Section 166 Motor Vehicles Act
Subject : Civil Law - Motor Accident Claims
In a significant ruling for claimants in motor accident cases, the High Court of Punjab and Haryana has reaffirmed that statutory benefits, such as family pension, cannot be used to offset compensation awarded under the Motor Vehicles Act. Justice Sudeepti Sharma, presiding over the appeal of Chameli Devi and others , underscored that financial security earned through a lifetime of service is not a windfall resulting from an accident and therefore cannot be deducted by insurance companies to lower their liability.
The case stems from a 2016 motor vehicle accident that claimed the life of Kehar Singh, a retired government employee. While the Motor Accident Claims Tribunal (MACT) in Kaithal originally awarded compensation of Rs. 3,22,000, it controversially allowed the insurance company to deduct the widow’s monthly family pension of Rs. 24,000 from the dependency calculation. The family challenged this, arguing that such a deduction was not only arbitrary but legally impermissible.
The primary legal battle turned on whether family pension constitutes a "pecuniary advantage" necessitated by the accident—a classification that would justify its deduction from compensation.
The appellants, relying on the landmark Supreme Court judgment in Helen C. Rebello v. Maharashtra State Road Transport Corporation , argued that pensionary benefits are property earned through service and are payable regardless of the cause of death. The insurance company countered that the original award was correct, representing a "just" assessment of the financial loss.
Justice Sudeepti Sharma, while modifying the award, delivered a categorical rejection of the tribunal’s initial approach. The Court observed that linking family pension to accidental death creates a false nexus.
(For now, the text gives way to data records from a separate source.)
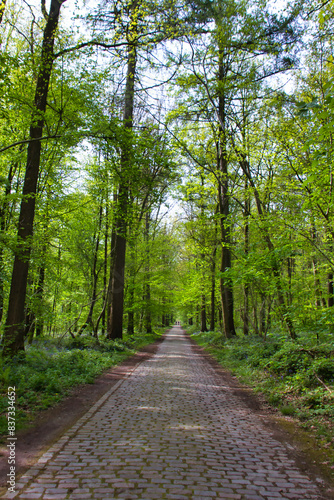 Walking pathway in the middle of the forest in spring, with high beech trees on the two sides and a vanishing point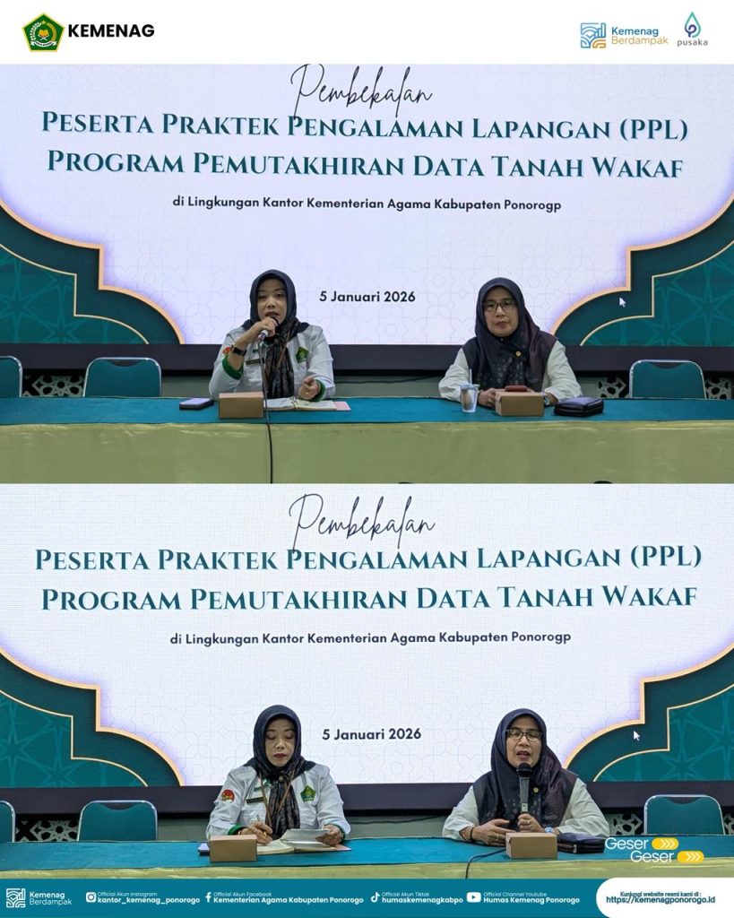 Kantor Kementerian Agama Kabupaten Ponorogo menyelenggarakan kegiatan Pembekalan Peserta Praktek Pengalaman Lapangan (PPL) dalam rangka Program Pemutakhiran Data Tanah Wakaf, pada Senin, 5 Januari 2026. Kegiatan ini bertujuan untuk memperkuat legalitas aset wakaf sekaligus mendorong produktivitas pengelolaan zakat dan wakaf di tengah masyarakat.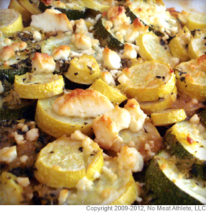 Remove from heat and season with salt and pepper. Lay the squash and zucchini nicely on top of the onion, pour the contents of the pan on top, and top with crumbled feta.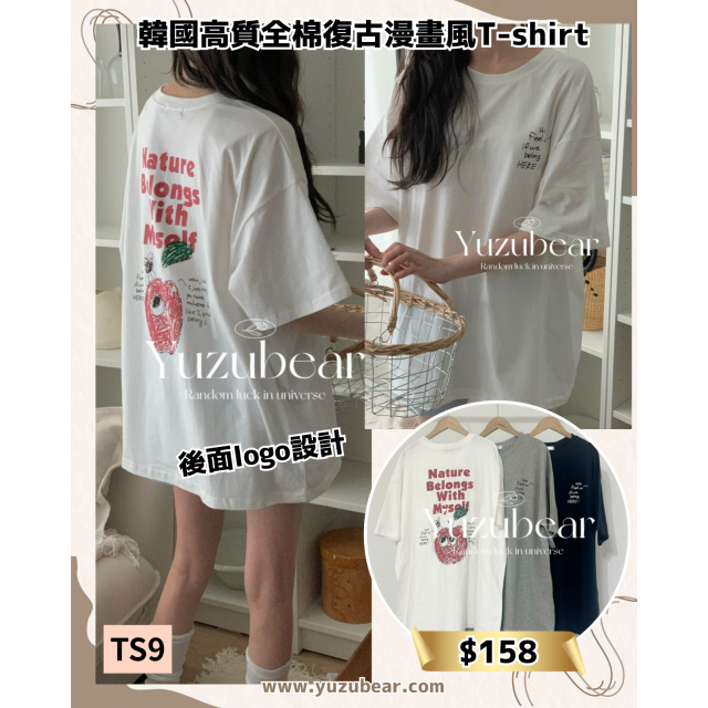 TS9 韓國高質全棉復古漫畫風T-shirt

Since the pension is an earned right, treating it as an "advantage" to be deducted only serves to benefit the tortfeasor—the party responsible for the accident—at the expense of the victim’s surviving family.
The High Court proceeded to recalculate the compensation, setting aside the illegal deduction. By correctly assessing the monthly income and applying the appropriate multipliers and conventional heads—including loss of consortium—the Court enhanced the total compensation to Rs. 11,58,000 .
Furthermore, the Court ordered that the insurance company must pay this enhanced amount at an interest rate of 9% per annum from the date of the filing of the claim petition. This judgment serves as a vital reminder that motor accident compensation is intended to provide restitution for a life lost, not to liquidate a family’s hard-earned statutory entitlements.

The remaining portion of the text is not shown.